How to use ggpaired to compare scores on a test before and after a lesson with weighting in lines by count?

54 views Asked by At

I am trying to use ggpaired to show an increase in scores of students before and after a lesson on a 12-point scale. I have my data frame with each students number of correct answers before and after the lesson e.g.

Before After
6 8
5 9

etc x 40 students

The issue I am having is that while ggpaired does a good job of showing the overall increase, since this is discrete data, it is losing the weight of how many students increased their score by X amount. I was able to add geom_count() which gives a sense of how many students scored X on the pre test and Y on the post-test, but am hoping to add a similar weight to the lines connecting the dots

I have produced this graph which is great, but I would love to add weight to the lines in proportion to the number of students who achieved X improvement

enter image description here

Any help is very appreciated!

I found this post which shows an example of how to do this but doesn't quite fit my use case and I am not good enough at coding in R to understand how to change it to apply to my situation: Making a ggpaired plot where line.color is a weighted function?

1

There are 1 answers

1
Allan Cameron On

I don't think there's a way to do this in ggpaired, but it's important to realise that ggpaired is just a wrapper around geom_boxplot and geom_line with some preparatory data wrangling and theme choices, all of which we can do ourselves to get the desired result:

library(tidyverse)

box_df <- df %>%
  pivot_longer(Before:After, names_to = "Condition", values_to = "Value") %>%
  mutate(Condition = factor(Condition, c("Before", "After")))

joining_lines <- df %>%
  count(Before, After) %>%
  mutate(line_group = row_number()) %>%
  pivot_longer(Before:After, names_to = "Condition", values_to = "Value") %>%
  mutate(Condition = factor(Condition, c("Before", "After")))

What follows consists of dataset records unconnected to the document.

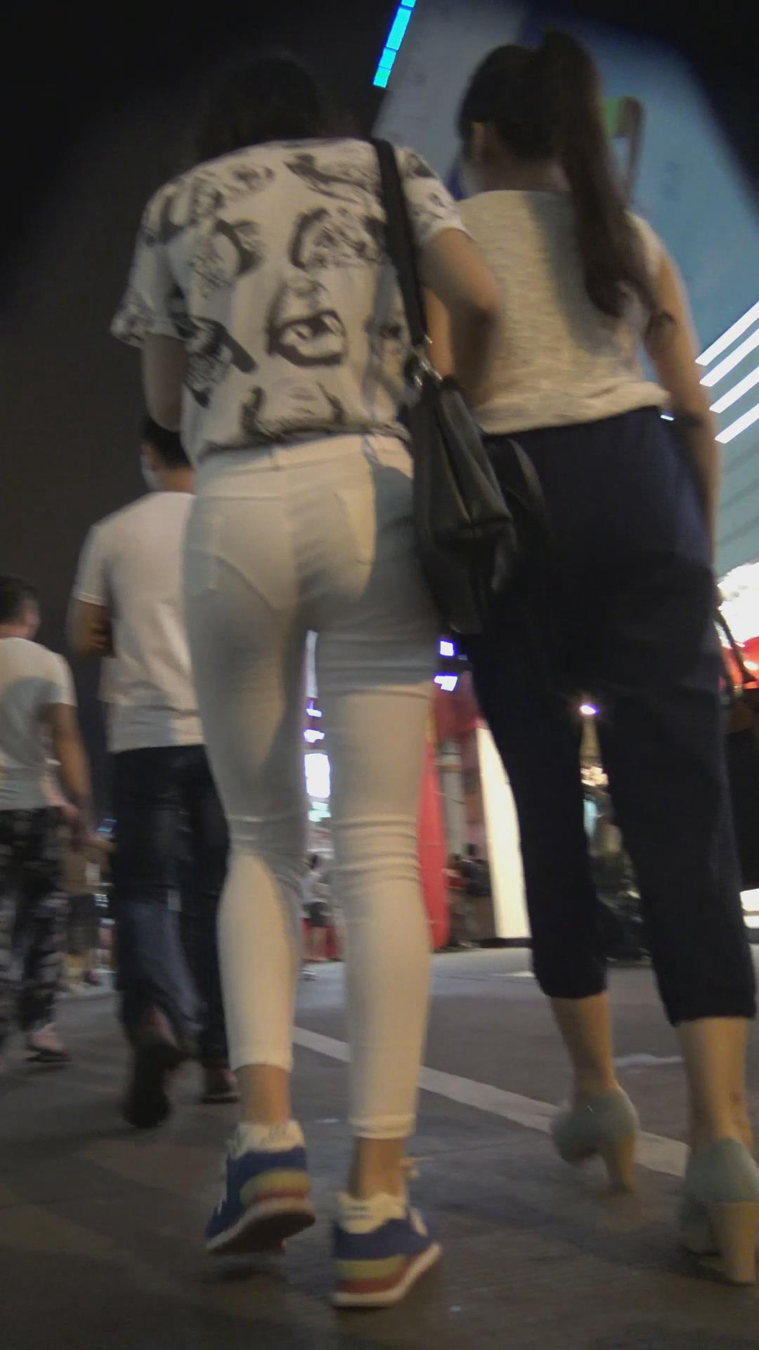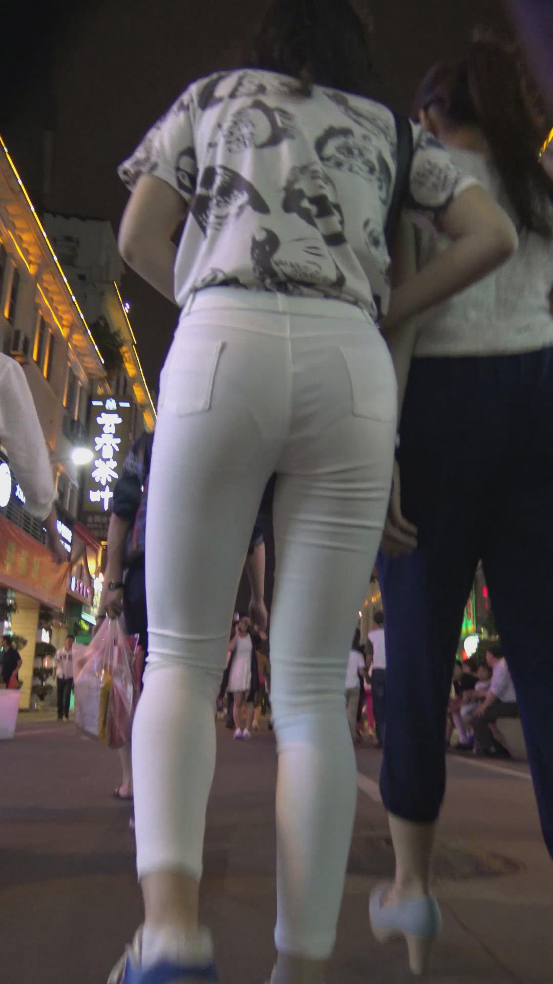 | 给力的超薄紧身白裤,内内印痕清晰可见 编号6007 |
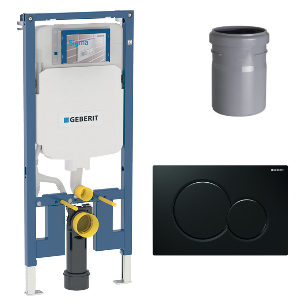 Caractéristiques du Pack Bâti-support extra-plat 114 cm UP720, gain de place + Plaque Sigma01, Noir brillant, Geberit Duofix (111.796.00.1-A) :
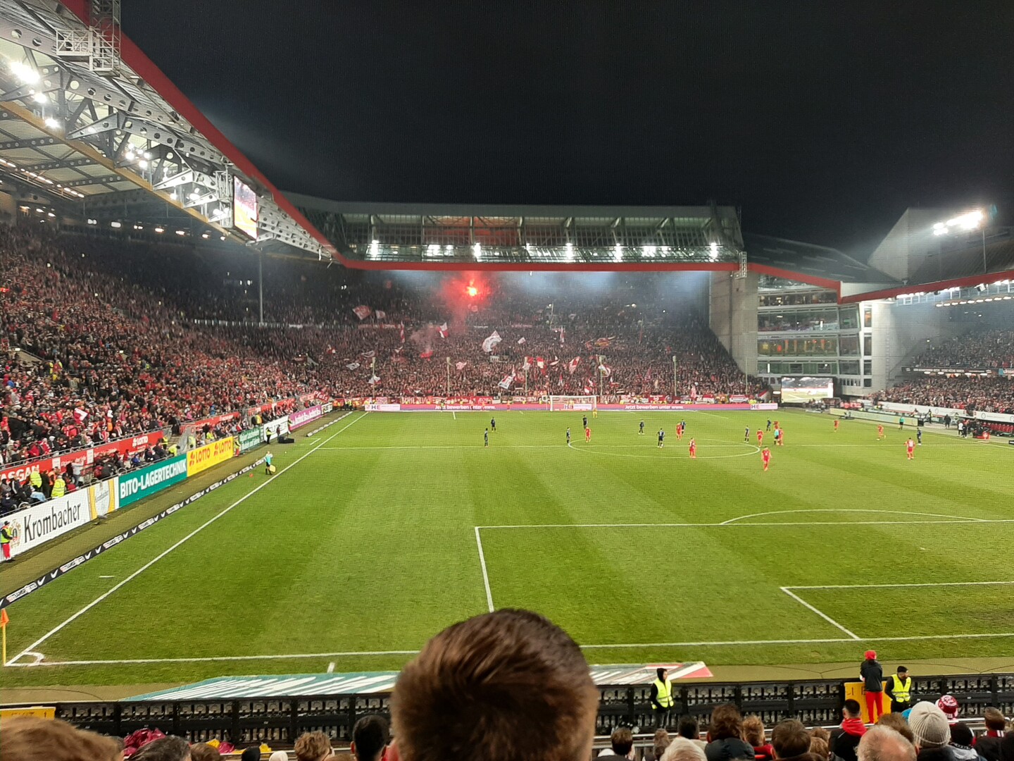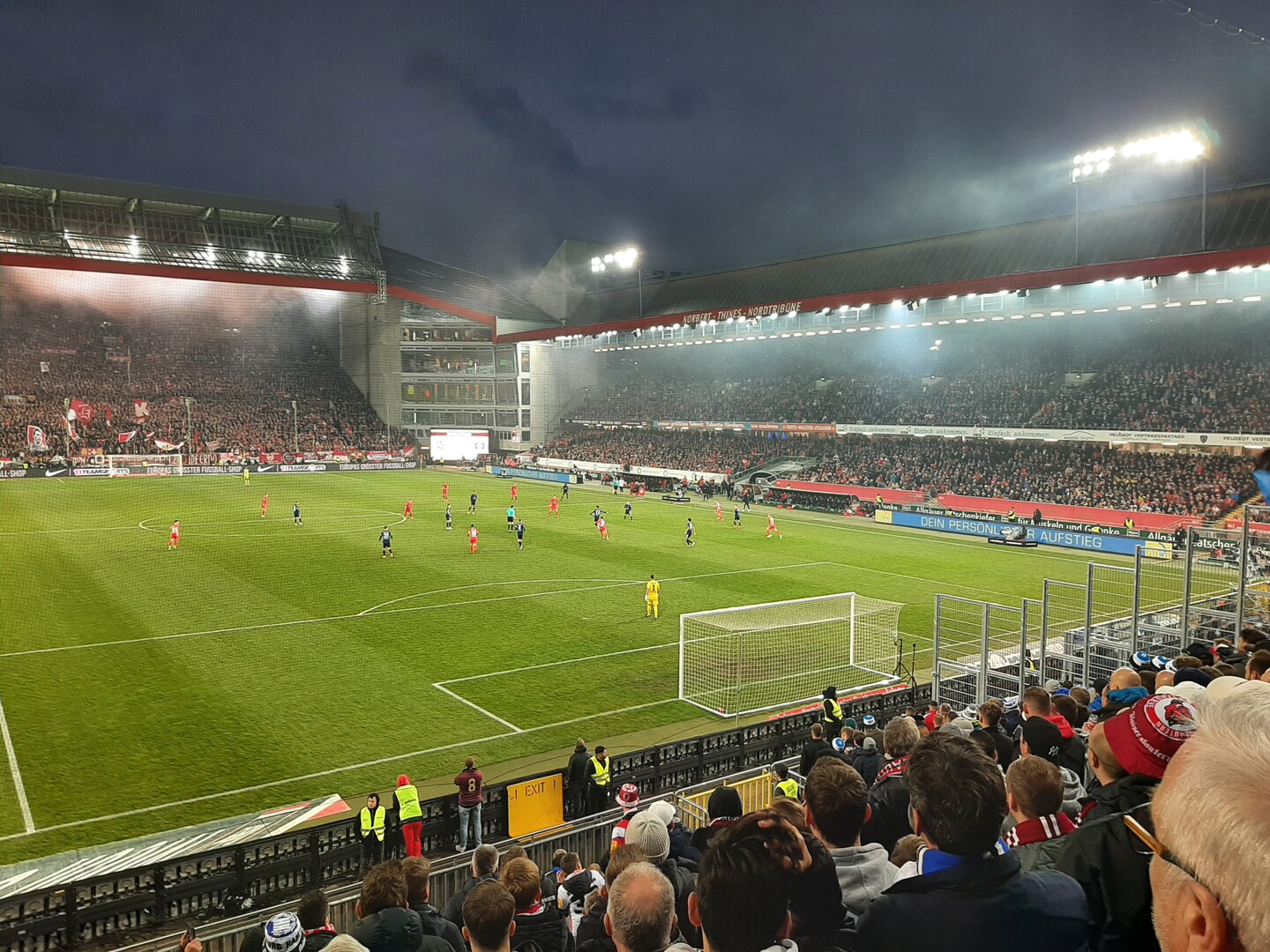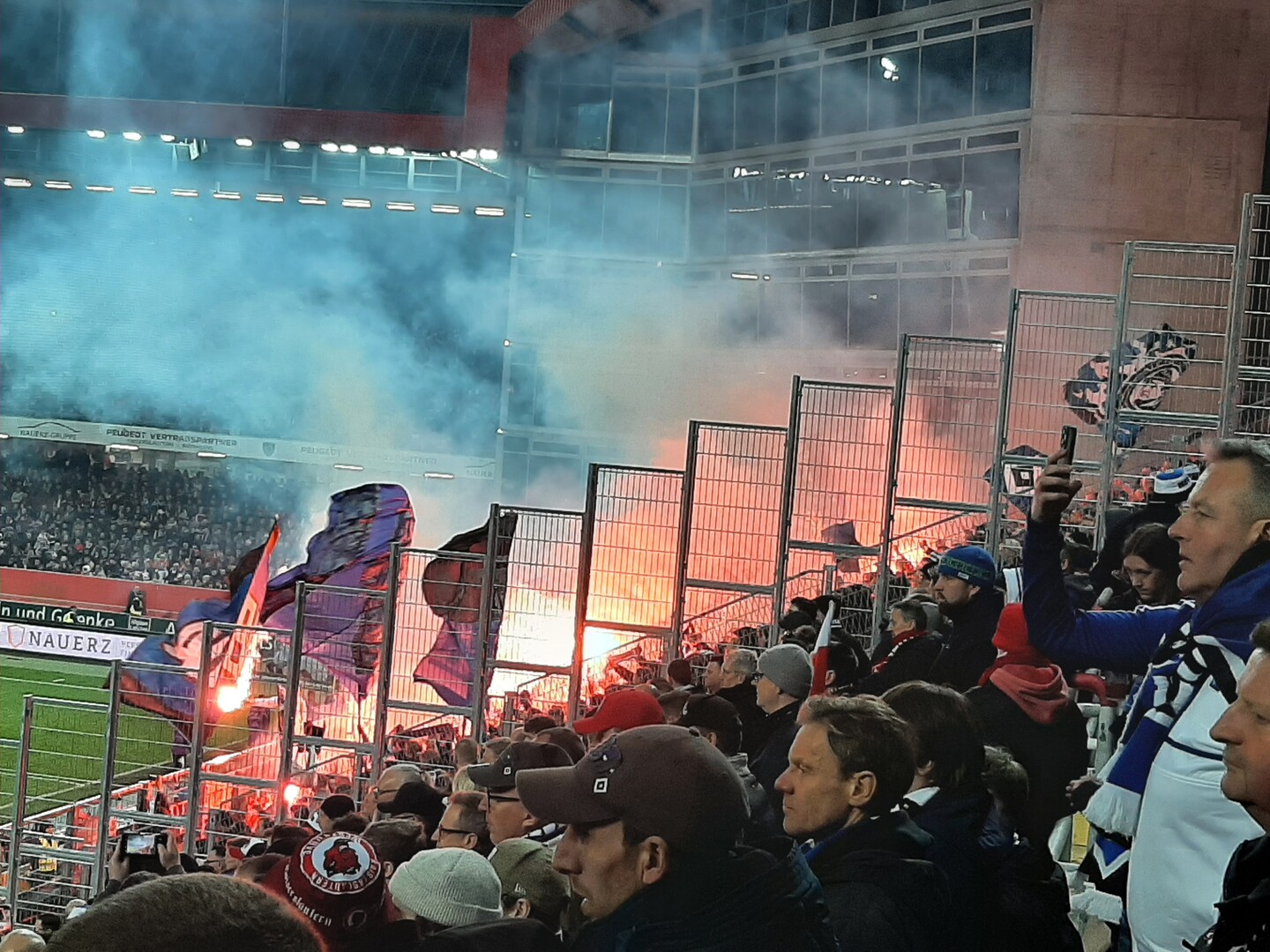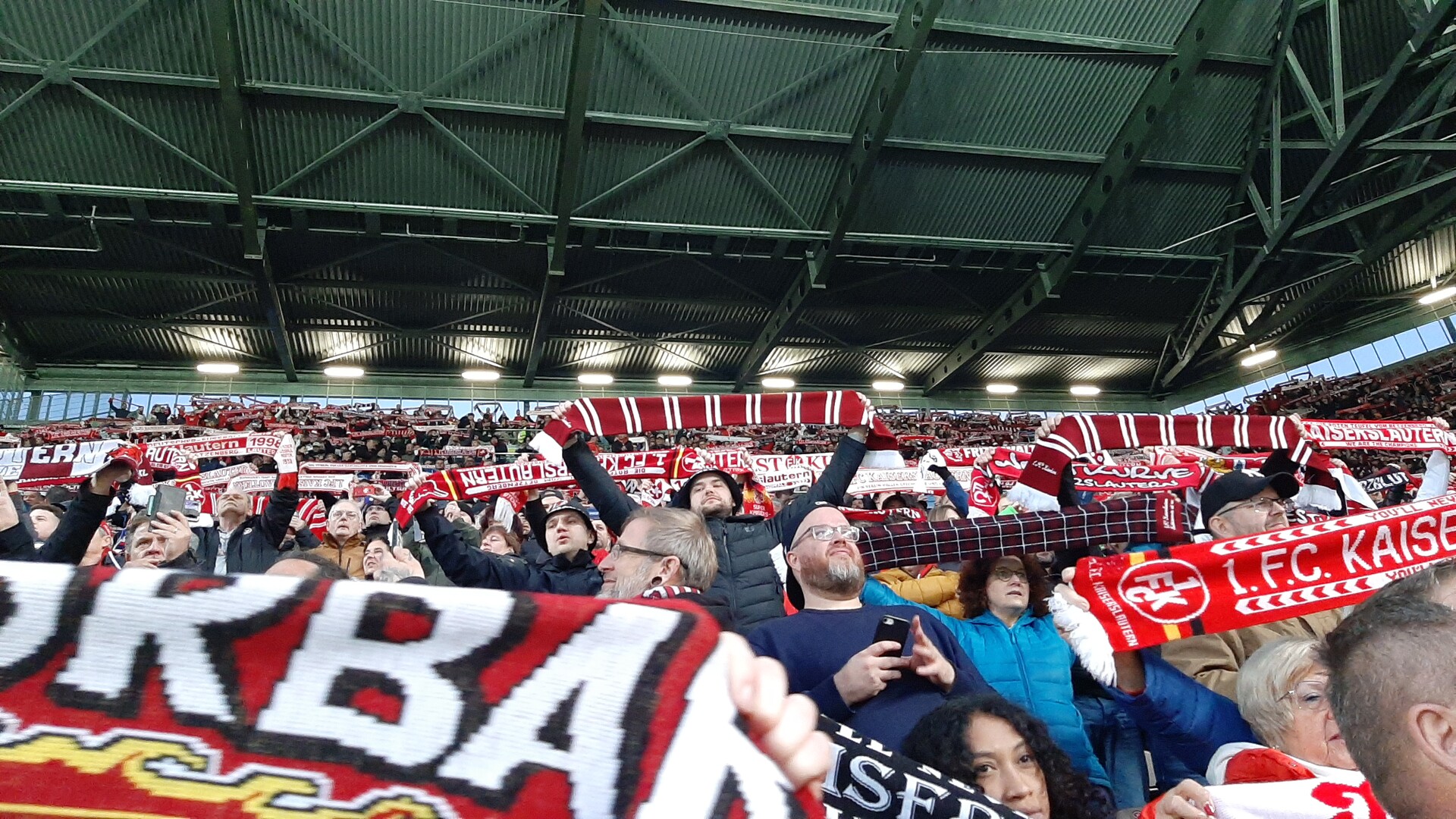 Eindruck auf mich einwirken und ahnte schon, es würde ein besonderer Abend werden. Kurze Zeit später kamen bereits beide Mannschaften zum einlaufen rein und es wurde auf beiden Seiten sehr laut. Noch 10 Minuten bis zum Spiel. Der Betzenberg war mit 49.326 Zuschauern ausverkauft und die Stimmung war absolut Erstligareif. Die Choreografie war einfach nur Gänsehaut pur! Unterstützt wurde diese seitens der HSV-Fans (leider) mit Bengalos und Knaller die in den Himmel geschossen wurden.

ggplot(box_df, aes(Condition, Value)) +
  geom_boxplot() +
  geom_count() +
  geom_line(aes(group = line_group, linewidth = n), data = joining_lines) +
  theme_classic(base_size = 16) +
  scale_linewidth(range = c(0.25, 1.5)) +
  theme(legend.position = "top")

enter image description here


Data used for example

set.seed(1)

df <- data.frame(Before = rbinom(40, 10, 0.5), After  = rbinom(40, 10, 0.75))